20 Aug [PREMIUM] Country Updates (5-18 Aug 2021)


ASEAN Key Economies COVID-19 status as of 16 Aug
Country Share of population fully vaccinated Share of population partially vaccinated Total vaccine doses administered Number of Covid-19 cases* 
Singapore 76% 6% 8.55 million 66,281
Indonesia 10.43% 9.45% 82.91 million 3,892,479
Malaysia 34.17% 19.13% 28.31 million 1,444,270
Thailand 7.49% 18.83% 24.1 million 948,442
Vietnam 1.44% 12.81% 15.27 million 293,301
Myanmar NA NA NA 360,291

Sources: Our World in Data, Worldometer, Singapore’s Ministry of Health. *as of 17 Aug



Muhyiddin’s cabinet resigns (16 Aug)

Malaysia’s Prime Minister Muhyiddin Yassin and his cabinet submitted their resignation to King Sultan Abdullah Ri’ayatuddin on Monday, 16 August, following months of political turmoil and politicking. In his subsequent address to the nation, Muhyiddin acknowledged that he did not command a majority, after 15 UMNO MPs pulled their support. Muhyiddin is the shortest serving Prime Minister in Malaysia’s history. The King has accepted Muhyiddin’s resignation and appointed him as caretaker prime minister until a successor is chosen. The palace released a statement saying the King was against holding an election, given the high number of Covid-19 cases in the country.

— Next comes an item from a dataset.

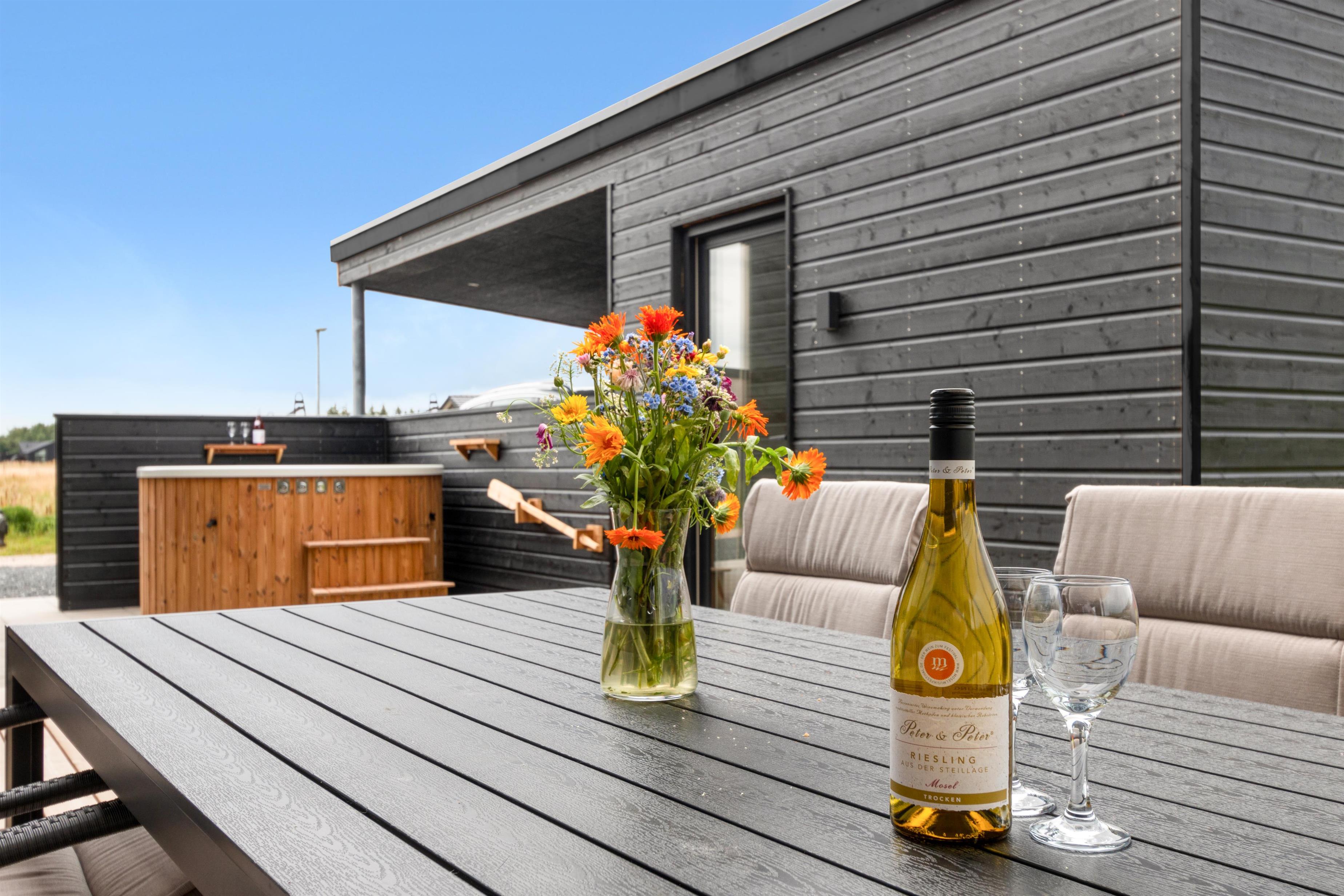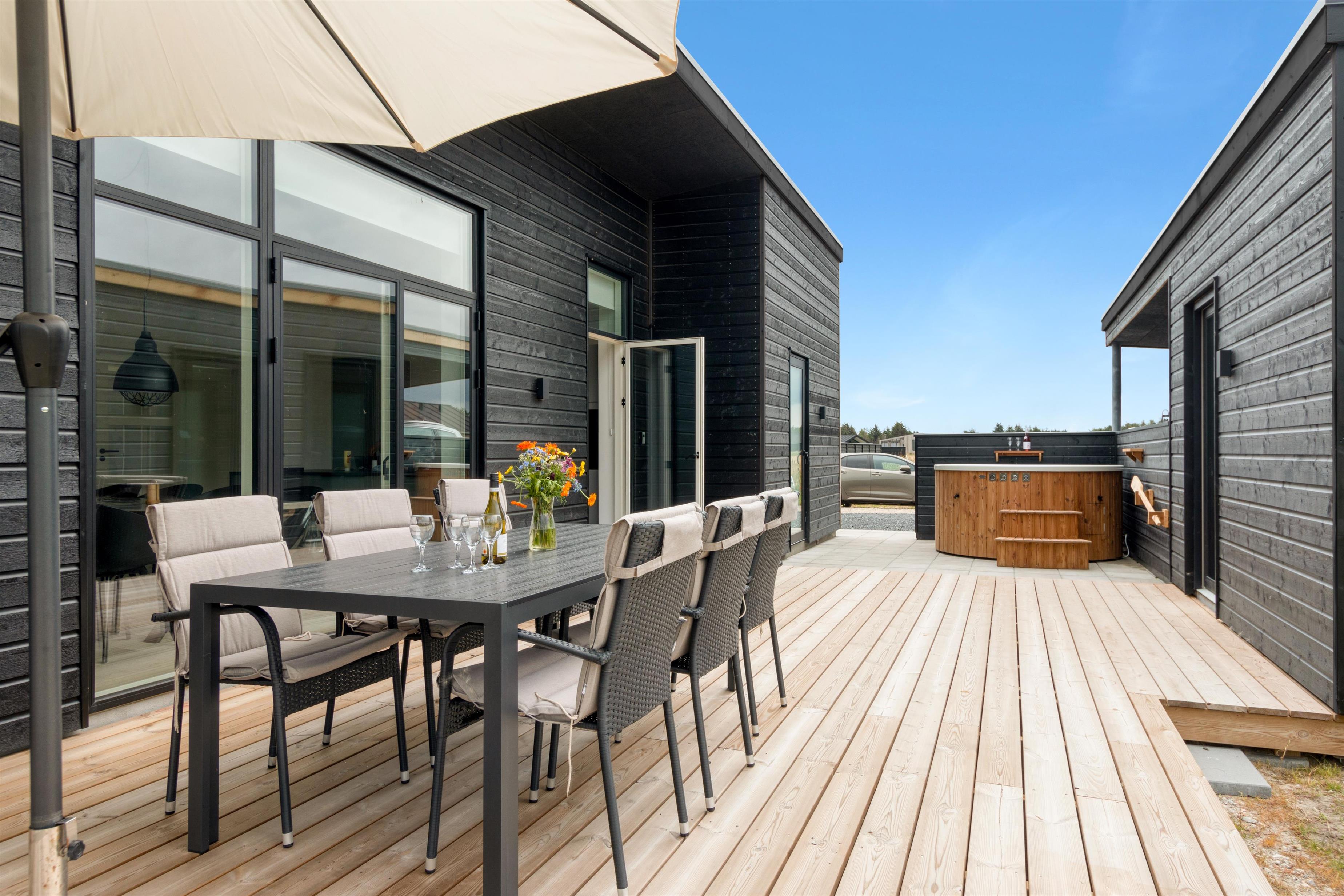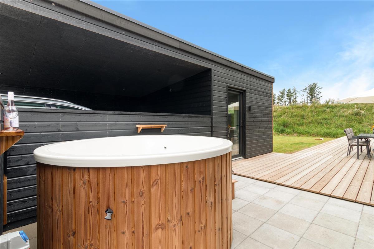 From the kitchen and living room, there is access to the house's lovely, large terrace, where one can fully enjoy the Danish summer weather. The house's location close to Løkken town center and the North Sea means that one is close to everything, yet in a good distance from traffic and noise from the city's life. There are, of course, garden furniture and a grill - and even an electric hot tub available. And Løkken town itself is the place where there is plenty of space, whether you want outdoor activities, wellness and pampering, or peace and contemplation.

Sources: CNBC; Nikkei Asia; Reuters; CNA

Race for the next Prime Minister (16 Aug- present)

Political leaders from all parties met with the King on Tuesday, 17 August, a day after Muhyiddin and his cabinet resigned. The 220 MPs in Parliament were required to submit their preferred choice for Prime Minister to the King by 4pm on Wednesday, 18 August. Two front runners have emerged in the race to become Malaysia’s next Prime Minister: former Deputy Prime Minister Ismail Sabri from UMNO and PKR’s Anwar Ibrahim. Following a UMNO supreme council meeting on Tuesday, the party has announced that all their MPs will be nominating Ismail Sabri as their candidate for Prime Minister. The opposition bloc, Pakatan Harapan, said it will nominate Anwar Ibrahim as their candidate. 111 votes will be required for a candidate to command the majority and be appointed as the next Prime Minister. On Thursday, 19 August, the palace said the King will be meeting with the 114 MPs who signed statutory declarations to support Ismail Sabri as the next Prime Minister. A special meeting of the Malay rulers will be held on Friday to discuss MPs’ votes and the King is likely to announce his decision on the next Prime Minister then.

Sources: CNA; Straits Times; Bloomberg; CNA (2); Straits Times (2)


Jokowi’s State of the Nation address (16 Aug)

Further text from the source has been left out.